*** Opening of SOURCE MATERIAL ***
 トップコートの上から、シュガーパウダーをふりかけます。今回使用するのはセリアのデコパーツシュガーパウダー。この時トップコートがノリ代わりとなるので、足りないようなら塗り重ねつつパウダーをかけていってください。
*** Close of SOURCE MATERIAL ***
*** Opening of SOURCE MATERIAL ***
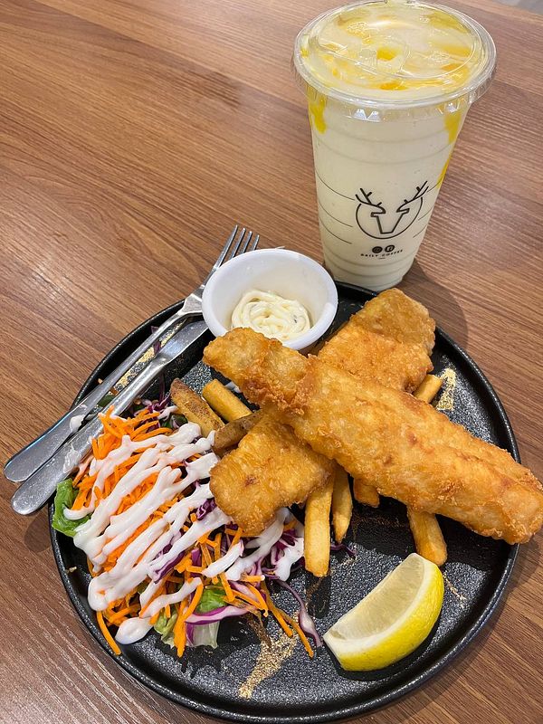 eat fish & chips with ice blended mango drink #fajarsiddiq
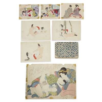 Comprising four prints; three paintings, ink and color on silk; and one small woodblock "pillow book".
*** Close of SOURCE MATERIAL ***
EXERCISE DESCRIPTION: In the listing above, find the line containing "eat fish & chips" and the line containing "Comprising four prints;". Reproduce those lines and all between them exactly, with no pictures and nothing more.

TASK RESPONSE:
 eat fish & chips with ice blended mango drink #fajarsiddiq
 Comprising four prints; three paintings, ink and color on silk; and one small woodblock "pillow book".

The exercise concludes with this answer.